Chillida’s earliest sculptures from the formative years he spent in Paris already showed a budding interest in materiality and space - two concepts that would later turn into major concerns in his oeuvre. Although mostly figurative, these early works already revealed the inquisitive nature of his practice; as the Mexican poet Octavio Paz once described “the unknown ‘inner space’, still formless, was calling him” (Octavio Paz, “Chillida: From Iron to Light” in: Exhibition Catalogue, Pittsburgh, Museum of Art, Carnegie Institute, Chillida, p. 11). Indeed, when Chillida moved back to his homeland, he discovered the ancient art of the forge, one that is intrinsically tied to the Basque character and one that he would make his own. Like Julio González and Pablo Gargallo had done in Spain in the early Twentieth Century, Chillida learnt the craft of welding iron, moulding and bending it to create the abstract, poetic forms for which he is so well known. In those early years, drawing informed his practice, enabling him to decompose form to later create three-dimensionally. A thorough study of Picasso’s work, in particular of his notebooks, enabled Chillida to develop his own interpretation of space in relationship with the human body, which later led to his exploration of space as material.

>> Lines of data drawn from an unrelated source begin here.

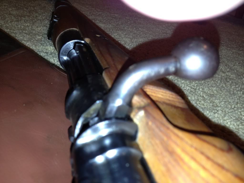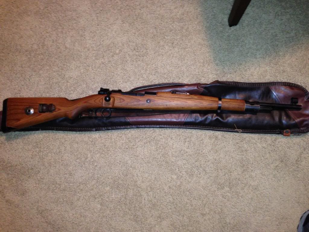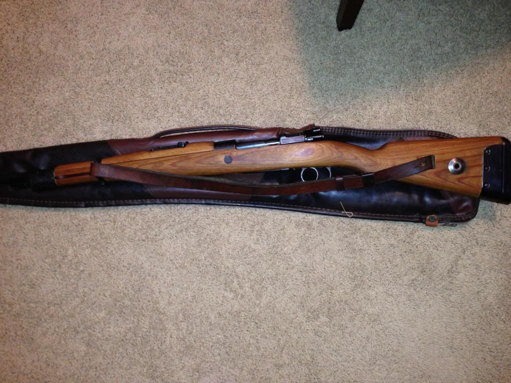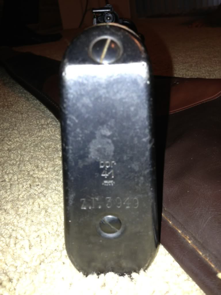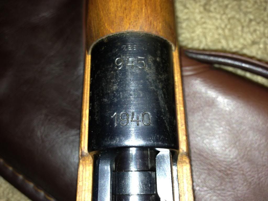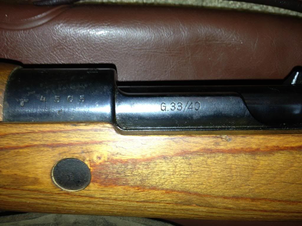 Its receiver is marked 945 1940. The receiver, bolt, stock, and floorplate all are marked with different serial numbers. On the heel of the stock is 100 and what looks like a waffenamt. No waffens are struck through. The bolt is a properly hollowed out bolt handle. I have not been able to remove the receiver from the stock to confirm the lightening cuts, however the ring of the receiver looks to be correct to a G.33/40. It does have the sight hood, however the cleaning rod is missing.
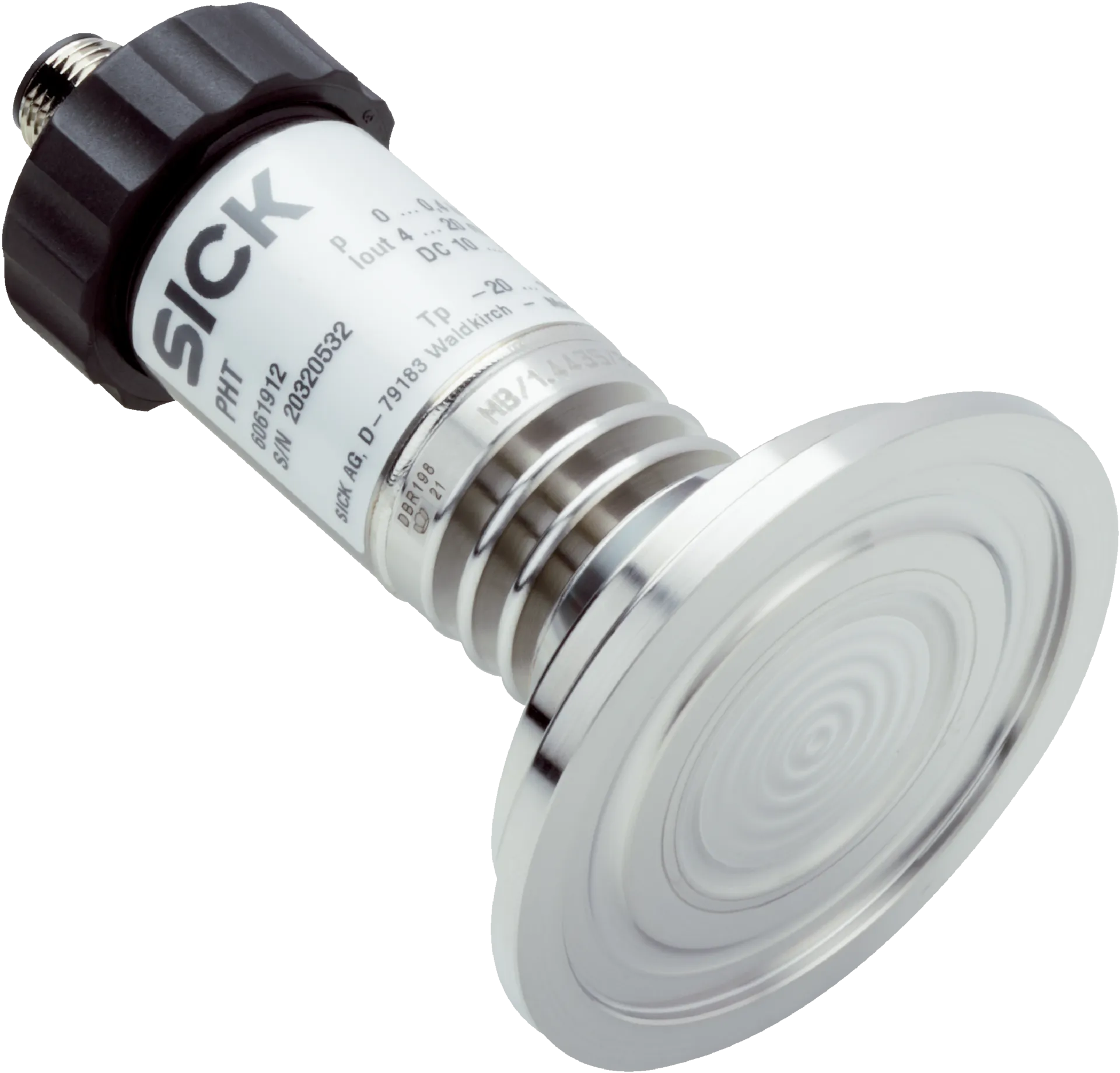 Pressure sensors | PHT | PHT-RBX40S740S0AMS0Z | Pressure type: Gauge pressure | Pressure unit: bar | Measuring range: 0 bar … 0.4 bar | Accuracy: ≤ ± 0.5 %, of the span (optional 0.25 % of span (adjusted in vertical mounting position with lower pressure connection)) | Process connection: Clamp (DIN 11864-3) DN 40 form A | Process temperature: –20 °C … +150 °C | Seal: Without seal | Communication interface: – | Output signal: 4 mA … 20 mA, 2-wire | Connection type: M12 round connector x 1, 4-pin, IP67 | Supply voltage: 10 V DC … 30 V DC
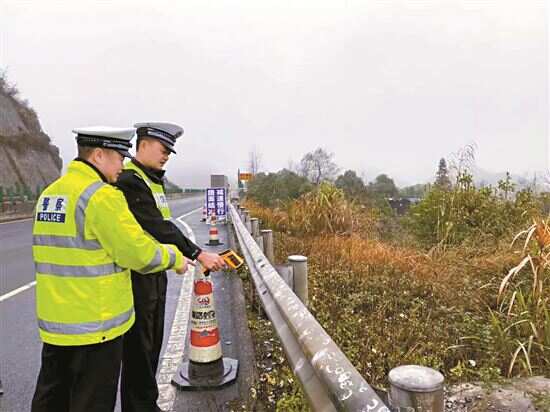 ■韶关交警在易结冰路段放置警示牌,提醒过路司机注意安全。 |
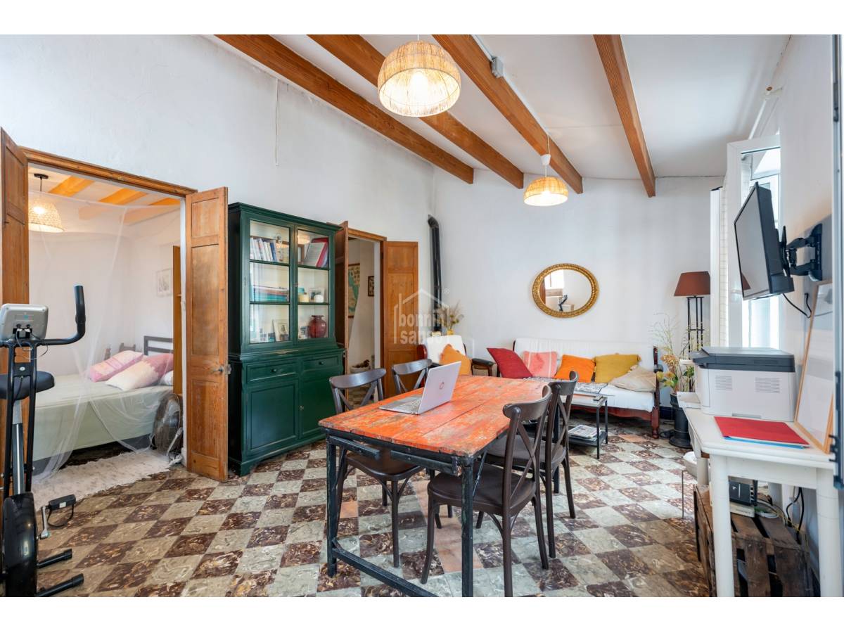Cette maison typique se distingue par sa distribution singulière et son charme d'origine, alliant confort et caractère dans chaque recoin.En entrant dans la maison, on trouve la cuisine, puis un escalier mène à un agréable salon-salle à manger avec de hauts plafonds, poutres apparentes et sols en carreaux hydrauliques d'origine.

The rhythmical sound of the hammer against the iron, the blaring sounds of the forge, of the fire roaring and the molten metal hissing have often garnered Chillida’s work comparison with music. Indeed, a profound interest in sound and silence can not only be derived from the artist’s working process, but also from the resulting shapes that twist and turn in rhythmic compositions, and especially from the names he chose for his finished artworks. In her essay for the retrospective organised for the artist’s work by the IVAM in Valencia, Ina Busch rightly explains about Chillida’s early sculptures, how “with great austerity and patience the artist allows the material to investigate space, he attempts to locate its basic sound, the rubbing and scraping of spheres turning against one another at different speeds which Plato describes. Names like Música de las esferas (Music of the Spheres), Silencios (Silences), Música de las constelaciones (Music of the Constellations), Sonora (Resonant), Rumor de límites (Murmur of Boundaries) testify to Chillida’s spatial conception of the doctrine of harmony propounded by Plato and Pythagoras, in which, thinking of ‘music as frozen architecture’, there is a resonance of proportions bound up with matter and space just as casually as when it is made explicit in music intervals” (Ina Busch in: Exhibition Catalogue, Valencia, IVAM Centre Julio González, Chillida: Elogio del Hierro, 1998, p. 187).

In Sonora, Spanish for resonant or resounding, the iron elements arch harmoniously, appearing almost like a musical key. Here, each blow of the hammer turns into a musical note, orchestrated by the musician, the sculptor of space. At the same time, the pointed extremities of the sculpture are reminiscent of the tools found in the blacksmith's forge, as if Chillida had wanted to pay homage to the ancestral tradition that enabled him to find and develop his identity. The tools and materials often associated with a primal nature adopt in Sonora a delicate, refined character; a transformation that seems almost impossible but that became effortless and instinctive in the artist's studio.